* Task objective *
Set down, please, without alteration, the lines of the entries below from the first through the one containing "台灣能入口的牛肉選擇不多,除".

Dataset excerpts
++++

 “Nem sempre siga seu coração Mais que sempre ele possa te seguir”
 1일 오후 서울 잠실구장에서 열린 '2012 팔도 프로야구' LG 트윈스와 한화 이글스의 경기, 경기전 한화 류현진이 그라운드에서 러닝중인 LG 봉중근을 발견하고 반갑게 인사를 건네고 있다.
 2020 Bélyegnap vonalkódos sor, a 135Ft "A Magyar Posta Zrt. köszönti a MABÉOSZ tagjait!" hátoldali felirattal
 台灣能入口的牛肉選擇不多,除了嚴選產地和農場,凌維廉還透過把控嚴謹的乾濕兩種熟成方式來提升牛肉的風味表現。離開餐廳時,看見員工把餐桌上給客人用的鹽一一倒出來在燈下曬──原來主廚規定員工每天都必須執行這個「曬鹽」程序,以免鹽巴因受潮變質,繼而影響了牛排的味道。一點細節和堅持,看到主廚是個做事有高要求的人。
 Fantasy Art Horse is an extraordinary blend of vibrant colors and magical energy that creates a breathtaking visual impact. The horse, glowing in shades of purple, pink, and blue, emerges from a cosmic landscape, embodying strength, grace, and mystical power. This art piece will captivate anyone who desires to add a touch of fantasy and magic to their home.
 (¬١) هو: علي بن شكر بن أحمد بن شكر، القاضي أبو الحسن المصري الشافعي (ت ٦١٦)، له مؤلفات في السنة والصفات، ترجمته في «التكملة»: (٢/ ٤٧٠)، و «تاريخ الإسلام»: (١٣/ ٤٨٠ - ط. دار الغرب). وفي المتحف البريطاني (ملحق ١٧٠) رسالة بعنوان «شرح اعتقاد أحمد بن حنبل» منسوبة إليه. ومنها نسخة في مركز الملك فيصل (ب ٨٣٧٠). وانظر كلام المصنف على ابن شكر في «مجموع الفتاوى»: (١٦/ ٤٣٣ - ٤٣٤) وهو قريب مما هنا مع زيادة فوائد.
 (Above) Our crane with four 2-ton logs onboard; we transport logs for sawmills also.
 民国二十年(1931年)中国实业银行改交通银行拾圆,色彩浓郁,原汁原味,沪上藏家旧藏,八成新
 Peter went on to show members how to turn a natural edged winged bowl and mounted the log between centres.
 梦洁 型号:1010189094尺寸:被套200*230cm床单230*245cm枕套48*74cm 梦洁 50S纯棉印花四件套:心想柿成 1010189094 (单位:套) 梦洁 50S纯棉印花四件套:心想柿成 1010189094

++++

* Output *
 “Nem sempre siga seu coração Mais que sempre ele possa te seguir”
 1일 오후 서울 잠실구장에서 열린 '2012 팔도 프로야구' LG 트윈스와 한화 이글스의 경기, 경기전 한화 류현진이 그라운드에서 러닝중인 LG 봉중근을 발견하고 반갑게 인사를 건네고 있다.
 2020 Bélyegnap vonalkódos sor, a 135Ft "A Magyar Posta Zrt. köszönti a MABÉOSZ tagjait!" hátoldali felirattal
 台灣能入口的牛肉選擇不多,除了嚴選產地和農場,凌維廉還透過把控嚴謹的乾濕兩種熟成方式來提升牛肉的風味表現。離開餐廳時,看見員工把餐桌上給客人用的鹽一一倒出來在燈下曬──原來主廚規定員工每天都必須執行這個「曬鹽」程序,以免鹽巴因受潮變質,繼而影響了牛排的味道。一點細節和堅持,看到主廚是個做事有高要求的人。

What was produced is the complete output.